1) An initial database (e.g a binary Pytorch tensor).

import torch
def init_db(num_entries = 5000):
   return torch.rand(num_entries) > 0.5

2) A set of n parallel databases. These are copies of the initial database with an element removed.

from copy import copy

def get_parallel_db(db, remove_index):
   return torch.cat((db[:remove_index], db[remove_index+1:]))

def parallel_dbs(db):
   dbs = []

   for i in range(len(db)):
       dbs.append(get_parallel_db(db, i))
   return dbs

Queries on this database, and its parallels, are operations on its elements. In the lectures we worked with tensors, arithmetics (sum()) and simple statistics (mean()). In practice, these could be aggregation queries in a relational database, or stochastic functions in the training of a machine learning model.

Evaluating the privacy of a function

To evaluate if a query is leaking private information, we calculate the maximum amount of change when it is performed on all parallel databases. This metric is called sensitivity. In the lectures, and literature, sensitivity is expressed in terms the L1 norm. A bit more formally, if $X$ is the original database and $x_a, x_b$ its parallels, the sensitivity of a query $q$ is defined as

$$sensitivity = max_{x_a, x_b \subseteq X} ||q(x_a) - q(x_b)||_{1}$$

Experimentally, we learn that the mean() query has lower sensitivity than the sum() query. As a third example we examine the senstivity of a threshold() function.

Finally, we show that none of these functions are differentially private by performing an adversarial attack on them.

# create a database
db, _ = create_db_and_parallels(5000)

# we look at the value of row 10 (arbitrarly picked)
db[10]
# We discard row 10, and perform a number of attacks on the parallel dbs to recover its value.
pdb = get_parallel_db(db, remove_index=10)

# Attack against the sum() query
th = db.sum() - 1
# This should match the (private) value of db[10].
# We recovered the original item from the aggerate results.
(db.float().sum() > th).float() - (pdb.float().sum() > th).float()

The set of queries we just performed to reconstruct the original database is referred to as a differencing attack. It follows that a degree of randomness is necessary to satisfy privacy constraints.

Local vs Global privacy

Depending on when randomness is added, we distinguish between local and global differential privacy. With local privacy we add noise to each individial data point. With global privacy, we add noise to the query.

Both methods have tradeoffs. Notably global DP is computationally tractable, and possibly more accurate, but requires us to trust the database owner and that no datapoint was observed before the query took place.

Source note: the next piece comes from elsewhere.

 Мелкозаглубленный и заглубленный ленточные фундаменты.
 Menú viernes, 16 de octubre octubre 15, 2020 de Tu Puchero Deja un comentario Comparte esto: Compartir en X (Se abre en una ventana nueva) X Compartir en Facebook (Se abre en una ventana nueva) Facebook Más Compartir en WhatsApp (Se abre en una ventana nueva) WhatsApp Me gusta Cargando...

Computationally more expensive local DP might be necessary when data is so sensitive, that we do not trust that noise will be added after observing it.

Randomized Response is given as an example of local privacy.

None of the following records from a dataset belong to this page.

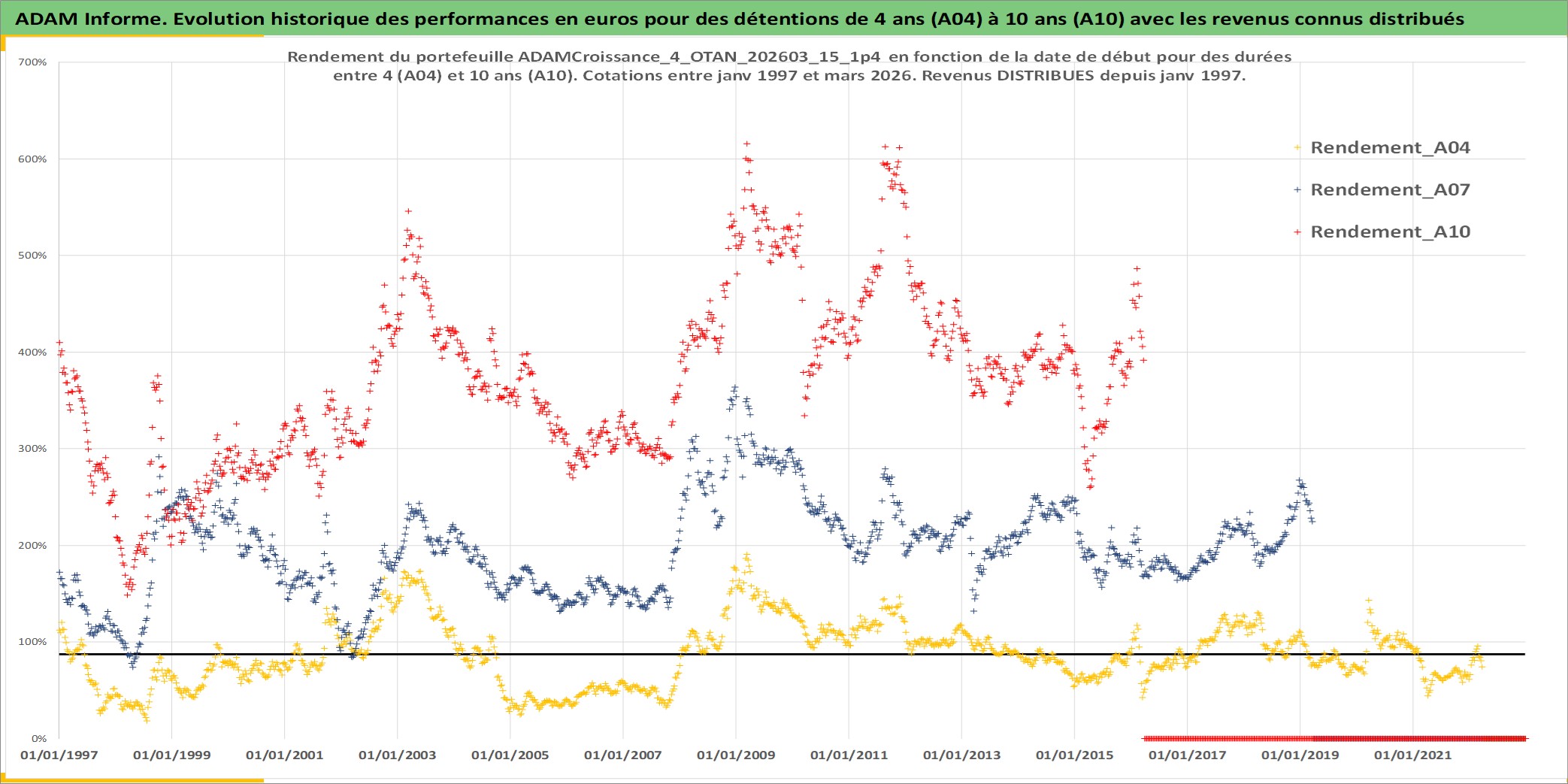 Site dédié aux investisseursPage dédiée sur site financeAnalyse des valorisations hebdomadaires du portefeuille ADAMCroissance_4_OTAN_202603_15_1p4_16actifs avec un profil P6_PurActions. Ce portefeuille est cote en EUR. Les valorisations couvrent les semaines 1997W01 a 2026W13. Les revenus de cet actif financier sont pris en compte depuis la semaine 1997W01. La note globale ESG de cet actif est estimee a 12.4 (apres rebasage entre 0 et 20).
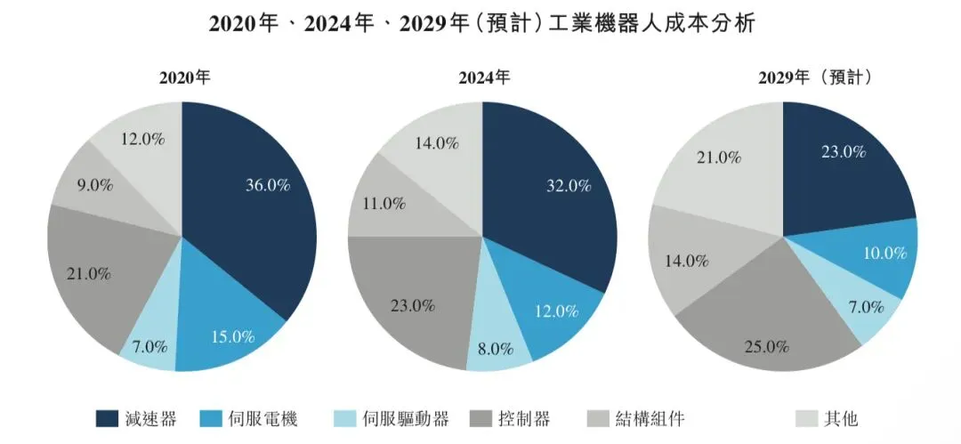 2029年,谐波技术的突破加上人形机器人的量产,预期可将减速器成本进一步降至23%。持续的伺服系统升级预期将使电机和驱动器的份额分别调整至10%和7%。同时,控制器成本预期将大幅上升至25%,而结构组件成本预期将上升至14%,反映传感系统及创新材料方面的持续技术进步。
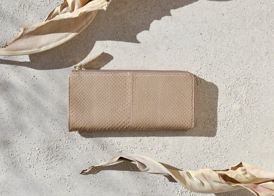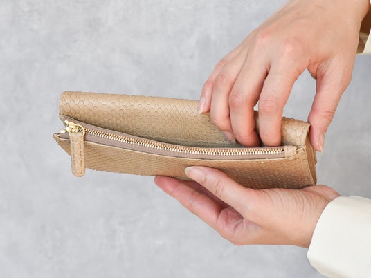 gentenのパイソンレザーは透明感のあるしっとりとした手触り。手に触れるたび、出し入れするたびに少しずつなじみ、独自の艶を放つ過程もお楽しみいただけます。
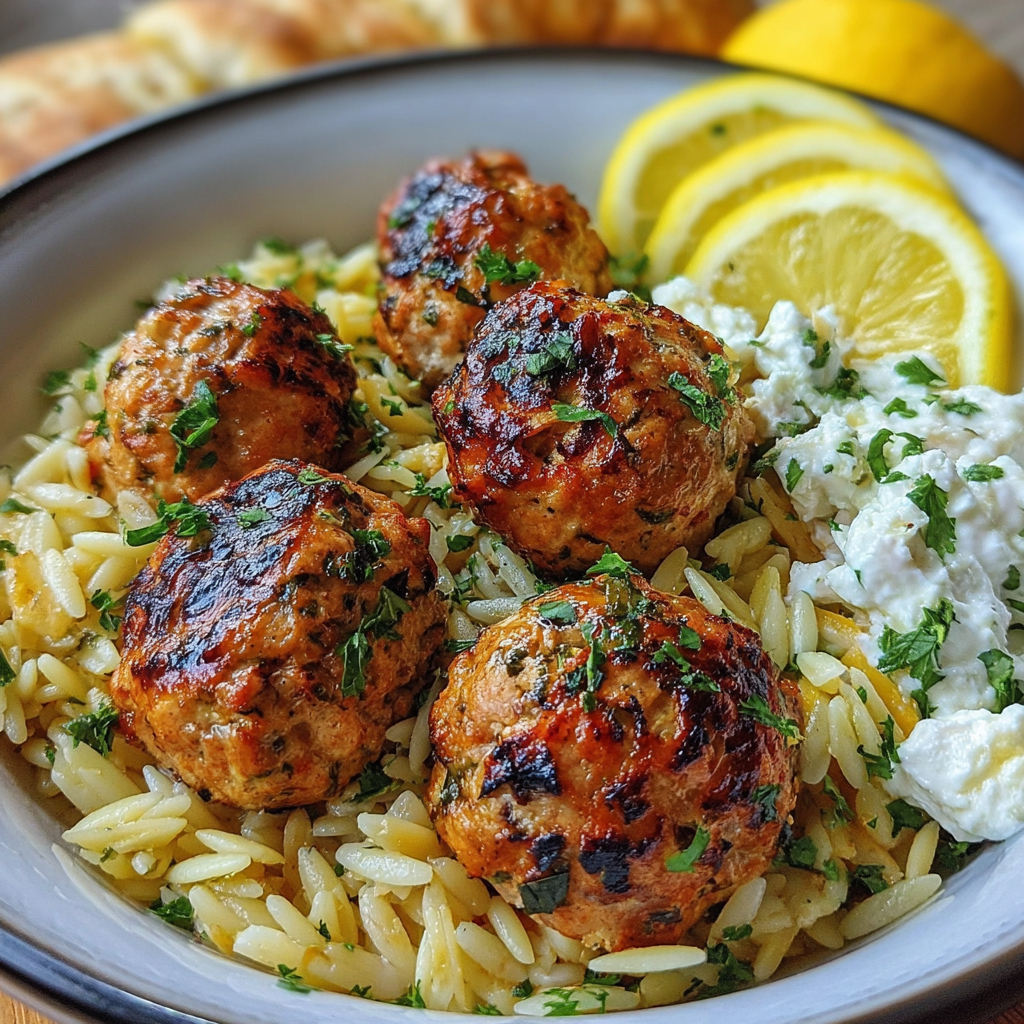 Welcome to My Cozy Kitchen: Greek-Inspired Chicken Meatballs with Lemon Orzo
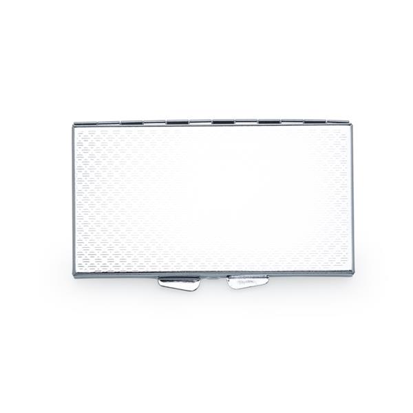 Descrição: Porta comprimido de metal com 3 divisórias. Parte superior espelhada e verso com detalhe texturizado. Parte interna plástica com três divisões.
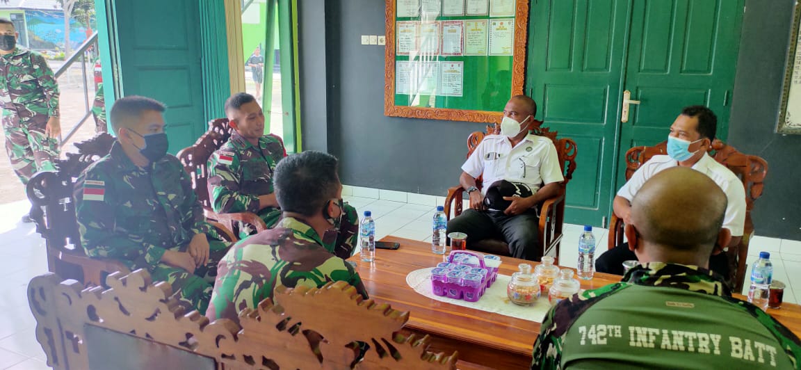 Belu NTT – Komandan Satgas Pamtas RI-RDTL Yonif 742/SWY Mayor Inf Bayu Sigit Dwi Untoro didampingi Wadan Satgas Mayor Inf Aditya Nugraha dan staf menyambut hangat kunjungan kerja Kepala BNNK Belu bersama rombongan di ruang tamu Mako Satgas Pamtas RI-RDTL Sektor Timur Kelurahan Umanen Kecamatan Atambua Barat Kabupaten Belu Nusa Tenggara Timur, Selasa (30/3/2021).

Epsilon-delta differential privacy

Global differential privacy is expressed in tems of the epsilon-delta theorem ¹:

Given a randomized algorithm $M$ with domain $\mathbb{N}^{|\chi|}$ (e.g. histograms over a database). $\forall S \subseteq Range(M), \forall x, y \in \mathbb{N}^{|\chi|}$ s.t. $|| x -y || \leq 1$ ($x$, $y$ are parallel databases).

$$ P ( M(x) \in S ) \leq e^{\epsilon} P(M(y) \in S) + \delta $$

If $\delta = 0$, we say that $M$ is $\epsilon$-differentially private.

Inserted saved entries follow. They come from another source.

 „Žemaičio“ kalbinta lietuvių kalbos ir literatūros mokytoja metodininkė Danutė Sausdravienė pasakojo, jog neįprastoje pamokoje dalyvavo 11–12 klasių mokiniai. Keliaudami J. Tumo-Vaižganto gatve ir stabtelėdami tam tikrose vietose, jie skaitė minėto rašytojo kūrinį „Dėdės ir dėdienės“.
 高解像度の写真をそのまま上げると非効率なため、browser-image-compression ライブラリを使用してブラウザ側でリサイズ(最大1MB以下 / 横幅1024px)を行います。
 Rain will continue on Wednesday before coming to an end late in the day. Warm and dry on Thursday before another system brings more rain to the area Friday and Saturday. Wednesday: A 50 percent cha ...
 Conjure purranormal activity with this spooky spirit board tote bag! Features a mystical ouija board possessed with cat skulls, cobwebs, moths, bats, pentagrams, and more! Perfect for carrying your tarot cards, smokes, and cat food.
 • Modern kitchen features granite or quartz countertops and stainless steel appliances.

This formalism expresses a query in terms of a "randomized algorithm" $M$. The equation measures how much privacy is afforded by $M$, by comparing running $M$ on an initial database $x$ and parallel database $y$.

$\epsilon$ controls the maximum distance between $x$ and $y$. $\delta$ is the probability that the $\epsilon$ constraint won't hold. Tradeoffs between $\epsilon$ and $\delta$ control privacy.

Adding noise to the "randomized algorithm"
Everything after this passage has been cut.